Maybe you are more familiar with probiotics which are mostly contained in yogurt. However, prebiotics are also no less beneficial for health. Prebiotics are a type of fiber that is not easily digested, which is often contained in your daily diet.

Prebiotics are different from probiotics

Many mistakenly assume that "prebiotics" and "probiotics" are the same thing, and are therefore often confused when calling them. In fact, both are completely different.

Probiotics are good bacteria that inhabit the human intestine that function to maintain digestive health, while prebiotics are foods for probiotics to continue to breed in the body.

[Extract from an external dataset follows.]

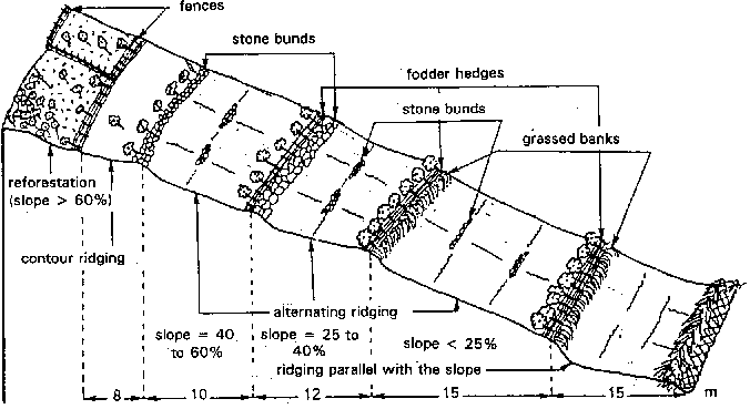 • small tied contour ridges from the summit down to the lower third of the slope; this accounts for the physical constraints of ridging and seems more effective than simple contour ridges in breaking the force of runoff and facilitating infiltration of rainwater;

What are the benefits of prebiotics for the body?

As explained above, prebiotics are nutritional intake of probiotics, colonies of good bacteria in your intestines. Because prebiotics are not easily digested, these substances in the form of fibers can reach the human intestine as a whole. Prebiotics help prebiotics multiply to maintain smooth bowel movements and increase stool weight.

Prebiotics also increase their immunity against attacks by foreign substances.In addition, they also stimulate the growth of different bacteria such as bifidobacteria and lactobacilli in the intestine.

Some other benefits of high-prebiotic foods are:

  • Prebiotics inulin can increase calcium absorption, especially in the large intestine.
  • Certain prebiotics can increase the body's resistance to the development of cancer cells. In particular, the digestion of prebiotic bacteria triggers the production of certain acids which are believed to be able to prevent certain forms of cancer.
  • Diabetics are generally advised not to consume fructan and carbohydrates, but not with inulin. Because inulin is a form of fiber that cannot be digested, so consumption of foods high in prebiotics does not trigger changes in blood sugar levels. Inulin can be beneficial for diabetics because diabetes has the potential to cause one or more forms of cancer that can be prevented by inulin.

Food prebiotic sources are ...

Prebiotics are usually found in vegetables, nuts, and fruits. Then,You can increase your prebiotic intake by increasing your meal:

  • Nuts and seeds
  • Wheat
  • Banana
  • Berries
  • Artichoke
  • Asparagus
  • Dandelion leaves
  • Garlic
  • Leek
  • Red onion

In addition, these fibrous substances also exist in ready-to-eat foods such as:

  • Cereals
  • Biscuits
  • Bread
  • Jam
  • Yogurt

Every day, someone is recommended to consume at least 5-8 prebiotic servings. Although this may be difficult, you can choose other alternatives to get adequate daily prebiotic intake - for example with supplements.